AI policy is much more fluid. There are no clear paths to success. We are aiming for impact. Law is a more task-oriented field, where clients often determine how lawyers go about their work. This is almost the opposite of AI policy, where you might come up with a research idea, bring it to some funder or some group, and try and make that idea happen.

My advice, if you want to go from being a lawyer or law student to working in AI policy, is to be open to finding the next right move without focussing too much on the long-term plan. Because in policy, it's often hard to plan in the long run. We don't know which opportunities and threats from AI will manifest in a way that creates policy windows or makes research relevant. You have to try just a lot of different small things – because it’s hard to know which of your small bets is going to be the one that leads to a ton of opportunity.

What are some skills that are definitely required to succeed in your role? Are there any skills you think are very important for succeeding in AI governance but overlooked?

I think the most important skill is just the ability to grind – to get up early, go to bed late, work, read and just put your nose to the grindstone to become knowledgeable. This means doing a lot of reading and writing, and producing work product (even if it’s not very good!), continually iterating it until it gets better. This is pretty standard advice that you’d find on any university careers page, but ironically, despite everyone saying that grit and perseverance are really important, I actually think it's underrated because it's just not fun. A key skill is being able to do the boring parts well. This isn’t rocket science, but many people fail at it because it’s about a day-to-day discipline that is just not enjoyable.

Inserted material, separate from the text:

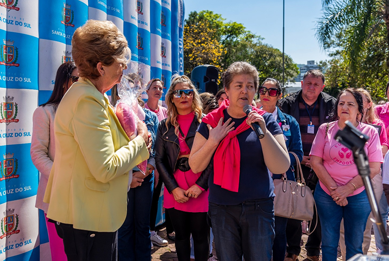O ato de abertura contou também com a presença da coordenadora municipal da Mulher, Solange Basso, da presidente do Conselho Municipal dos Direitos da Mulher, Janaína Freitas, da delegada Raquel Schneider e de representantes da Unisc, Conselho Municipal do Idoso, Centro de Referência do Idoso, 13ª Coordenadoria Regional de Saúde, secretarias municipais de Saúde e de Agricultura, Apopesc, Apeccan, Apott, projeto Empodera, projeto Abrace outra mulher, Stock Med, Unimed, Hospital Ana Nery, Emater, Unisc e Óticas Carol.

What has been your proudest accomplishment while working in AI governance?

I think it's been mostly around building the understanding of AI governance and what advanced AI will really mean for society. I publish pieces on the intersection of law and AI policy, but in many ways, the most impactful things I’ve been involved with are projects that are designed to spread understanding. So what I'm most proud of are the briefings I've given, and the conversations I've had where I've informed policymakers about some critical facet of AI that helps them make a better decision.

What skillsets or types of people do you think the AI governance field needs more of?

It needs more people who publish. That sounds like a silly thing to say, but one of the themes of this conversation has been, “Just do things”. A lot of people have really good ideas, they do fellowships, and they're really smart – but they just need to do something, like put a piece out. There's just so many topics you can do for AI research. You can do “AI and [X]” across basically the whole breadth of human activity and disciplines. So one thing I emphasise is working towards getting something out there, even if it's not your best possible work, because at least you've put something out there, and you’ve pushed the conversation forward.